The life cycle of most coral reef fishes includes a larval planktonic stage, lasting from a few days up to several weeks, before settling to a benthic habitat. This phase has been considered the ‘black box’ by coral reef ecologist because the coral reef fish larvae field is very difficult to examine.
For example, they are quite difficult to sample in large numbers, because of the many more species in much lower numbers on a coral reef than in a temperate ecosystem, where there are a few species in very high numbers.
Therefore, to establish important coral reef fish dispersal models for predicting the size of reef fish populations, ecologists assumed that coral reef fish larvae behave exactly as temperate fish larvae out there in the blue water. However, when finally the first swimming results with reef fish larvae turned up it caused a shock among coral reef fish ecologists. They swim fast and very long distances.
The results of swimming tests with coral reef fish larvae showed that larvae of coral reef fishes are strong, effective swimmers, capable of sustained speeds higher than ambient ocean currents, and of swimming non-stop for tens of kilometres over tens of hours. Further, they are much faster than larvae of temperate species of similar size, particularly the well-studied herrings and cods.
This surprising information on settlement-stage larvae is the result of laboratory swimming-chamber (or flume) measurements of swimming endurance in 51 species of 9 families, and speed measurements on the coral reef of free-swimming larvae for over 50 species of 15 families. Both sets of research were conducted by Australian researchers.
Temperate fish larvae of 1–2 cm apparently swim at 1–5 body lengths per second, whereas similarly sized larvae of coral reef fishes swim at a mean speed of 13.7 body lengths per second, with some as fast as 34 body lengths per second. Put into perspective, a freestyle human swimmer capable of 13.7 body lengths per second would swim the 100-m race in 3.6 seconds; the Olympic record for 100-m freestyle in 48 seconds.

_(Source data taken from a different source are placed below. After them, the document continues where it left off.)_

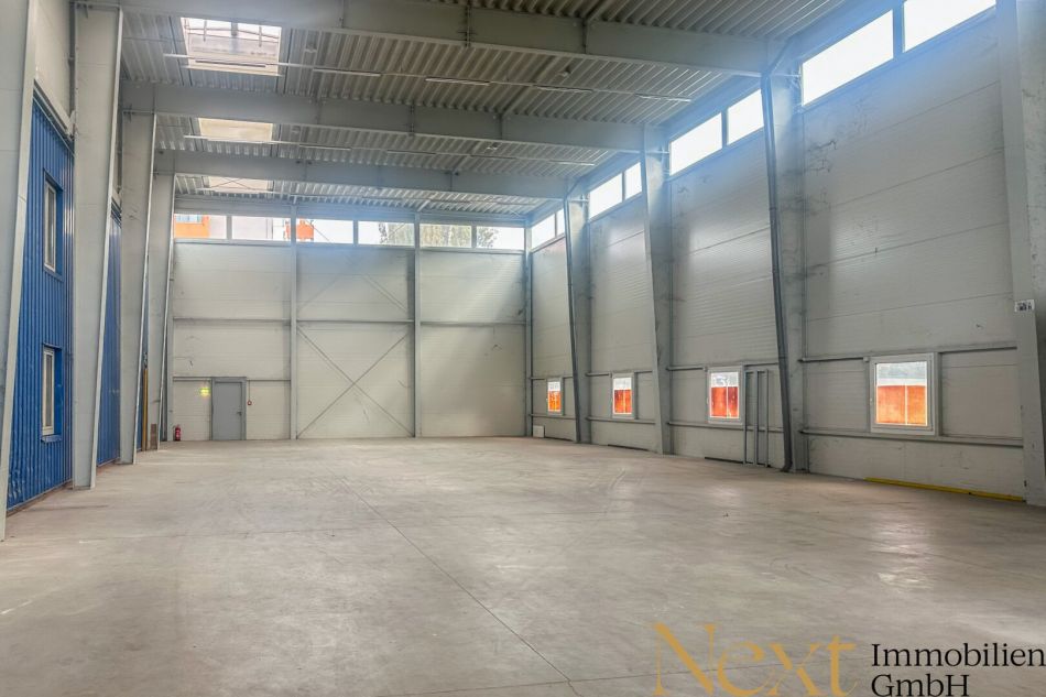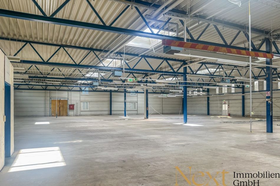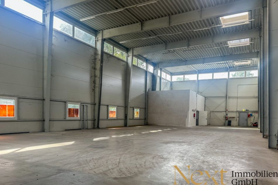 Die Lagerhalle verfügt außerdem über eine LKW-Anpassrampe (Tor: 2,80 x 2,80m), zwei ebenerdige Rolltore (bis zu 2,96m Höhe) und großzügige Rangiermöglichkeiten.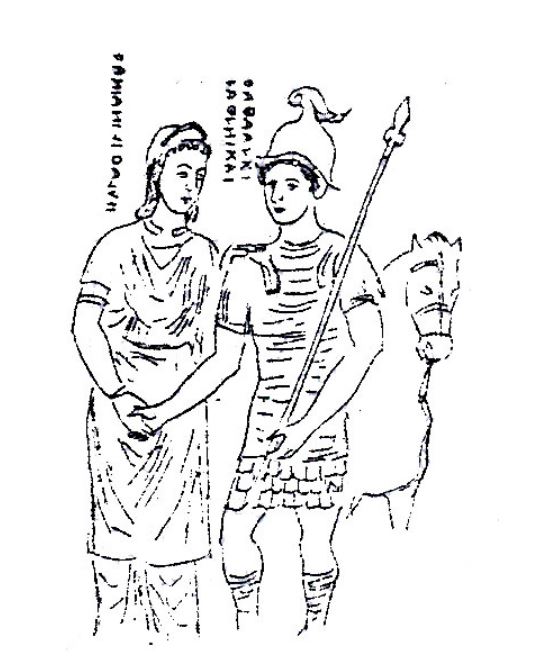 Hiç uzatmadan konuya gireceğim. Aşağıdaki bir Etrüsk resminde genç bir kadının askerle vedalaşması tasvir ediliyor. Askerin arkasında dayanmış at, kadının yüzündeki gam, askerin onun elini tutması üzücü ayrılığın yaşandığını belirtiyor.
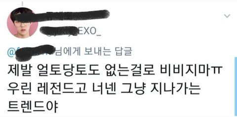 전성기때 빅뱅한테 따이고, 방탄한테 따인 그들만의 레전드. 으르렁 메가히트곡이라 하지만 실상은 다이너마이트보다도 성적 안나온 10대 한정 그들만의 메가히트곡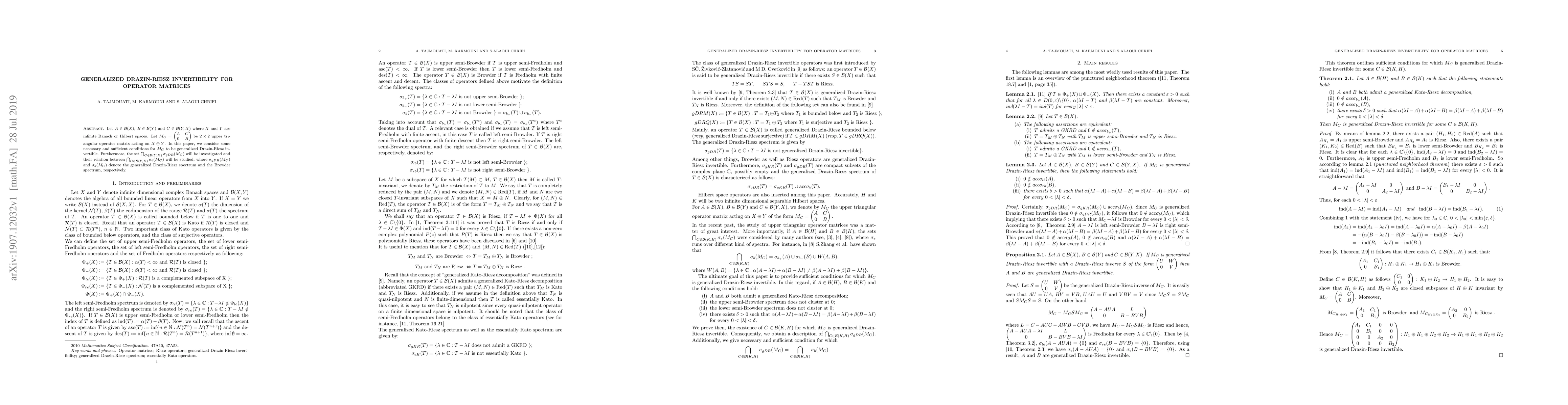 Let $A\in\mathcal{B}(X)$, $B\in\mathcal{B}(Y)$ and $C\in\mathcal{B}(Y,X)$ where $X$ and $Y$ are infinite Banach or Hilbert spaces. Let $M_{C}=\begin{pmatrix} A & C\cr 0 & B \end{pmatrix}$ be $2\times 2$ upper triangular operator matrix acting on $X\oplus Y$. In this paper, we consider some necessary and sufficient conditions for $M_{C}$ to be generalized Drazin-Riesz invertible. Furthermore, the set $\bigcap_{C\in \mathcal{B}(Y,X)}\sigma_{gDR}(M_{C})$ will be investigated and their relation between $\bigcap_{C\in \mathcal{B}(Y,X)}\sigma_{b}(M_{C})$ will be studied, where $\sigma_{gDR}(M_{C})$ and $\sigma_{b}(M_{C})$ denote the generalized Drazin-Riesz spectrum and the Browder spectrum, respectively.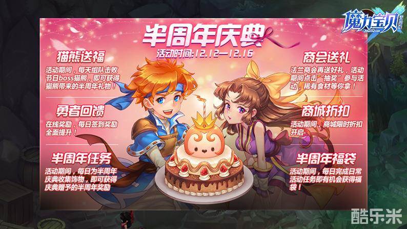 半周年庆典即将来临,全新版本中勇者们将迎接更高的挑战。同时,《魔力宝贝手机版》也在半周年期间上线诸多惊喜福利活动,熊猫送福——每天组队击败熊猫,即可获得熊猫带来的半周年礼物。半周年期间,每天完成日常活动即有几率获得半周年福袋。每天为半周年庆典收集饰物,即可获得庆典赠与的半周年奖励。同时,半周年版本开启时,勇者在线奖励,每日签到奖励将全面提升!商城折扣、法兰商会活动限时开启!海量福利即将来袭,敬请期待。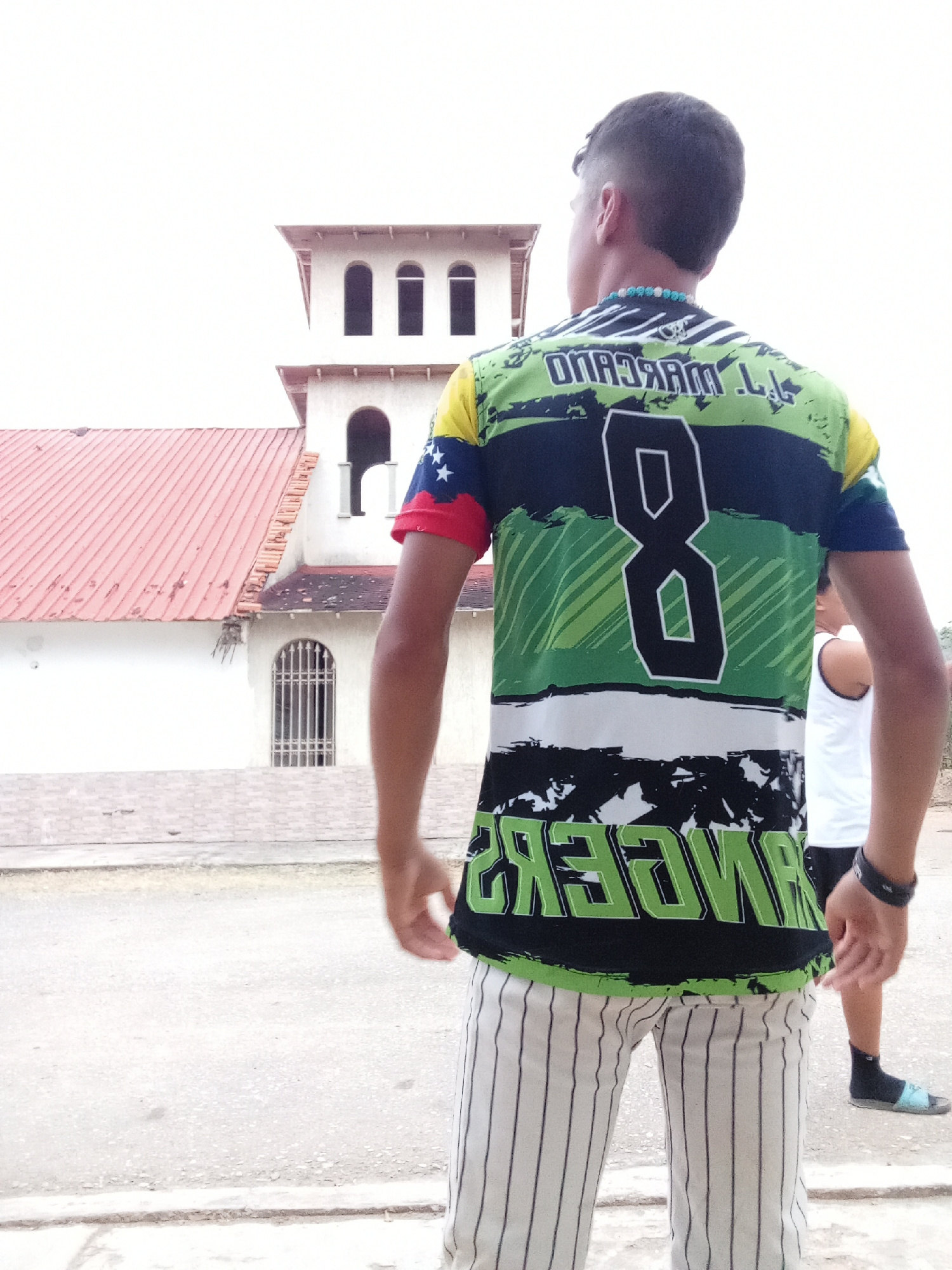 A young man is depicted from the back, standing outdoors and looking towards a white building with a distinctive red tiled roof. The building features a tower with multiple arched windows, suggesting…read more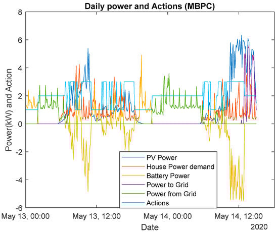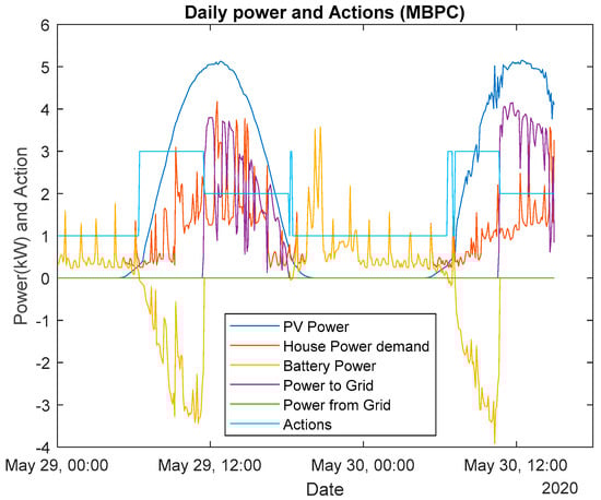 Different power signals, MBPC control (sunny day).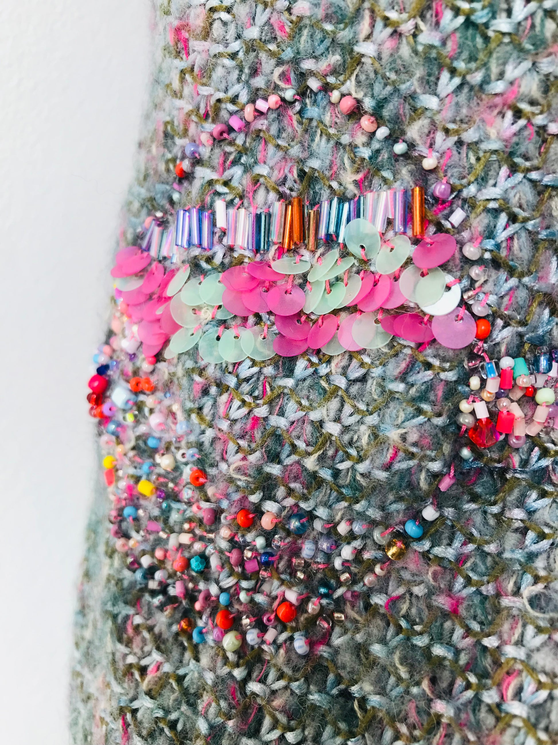 丸から丸を繋ぐようにビーズで飾ったのと、ジッパーで閉じられるデザインがポイント。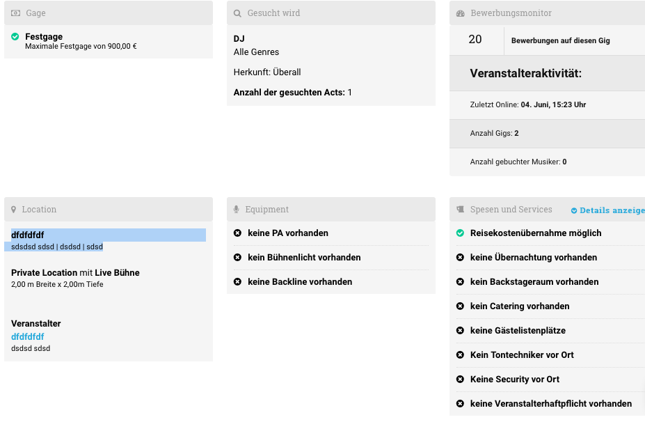 dfdfdfdf in sdsdsd sucht DJs aller Genres und von überall. Weitere Angaben zu Details fehlen komplett. Immerhin werden Reisekosten übernommen und 900 Euro Gage in den Raum gestellt. Das erklärt, warum sich bereits 20 DJs beworben haben. Mir erscheint eine Bewerbung sinnlos. Vielleicht lege ich zuviel Wert auf eine gewisse Grundseriosität, welche in diesem Fall nicht gegeben scheint.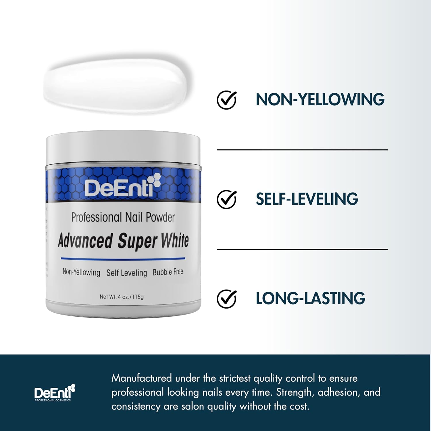 - PROFESSIONAL QUALITY NAIL POWDER polymer Super White is snow white in color with a standard set speed. Perfect for at home manicures, nail painting and gel polish, our gel powder dip is long-lasting, chip resistant and a perfect addition to your acrylic nail dip kit.

When the first swimming results with reef fish larvae turned up it caused a shock among coral reef fish ecologists. They swim fast and very long distances.
The actual speeds of reef fish larvae average 20.6 cm per second with some as fast as 65 cm per second. This is faster than the average ambient ocean current speed in the studied areas, so the average reef fish larva near the end of its pelagic stage is indeed an effective swimmer.
Just as remarkable as their swimming speeds, these larvae have great endurance, being able to swim an average of 40.7 km (some up to 140 km) in laboratory experiments, unfed and without rest before exhaustion. The mean time to exhaustion was 83.7 hours (maximum 288.5 hours). On a per size basis, this is equivalent to a human swimming roughly 4000 km!
Swimming far and fast may simply increase the possibility of encountering a reef by chance alone, but pelagic reef fish larvae in blue water may be able to detect and orient to reefs. Orientation, combined with effective swimming abilities, would greatly increase the capacity of larvae to find a reef. In either case, this capacity would vary among species because swimming abilities vary among species.
Comparison and contrast
Why are temperate fish larvae so different from reef fish larvae?
Coral reef fishes are overwhelmingly of the order Perciformes, or perch-like fishes. In contrast, most research on temperate marine fish larvae has been on herrings, sardines, and anchovies, cods, flatfishes. These latter five types of fish are so-called non-perciform fishes. Most of the literature on fish larvae from temperate waters concerns species that are pelagic or live on soft bottoms (sand or mud) as adults rather than species from (rocky) reefs. This alone may confound temperate/ coral reef comparisons.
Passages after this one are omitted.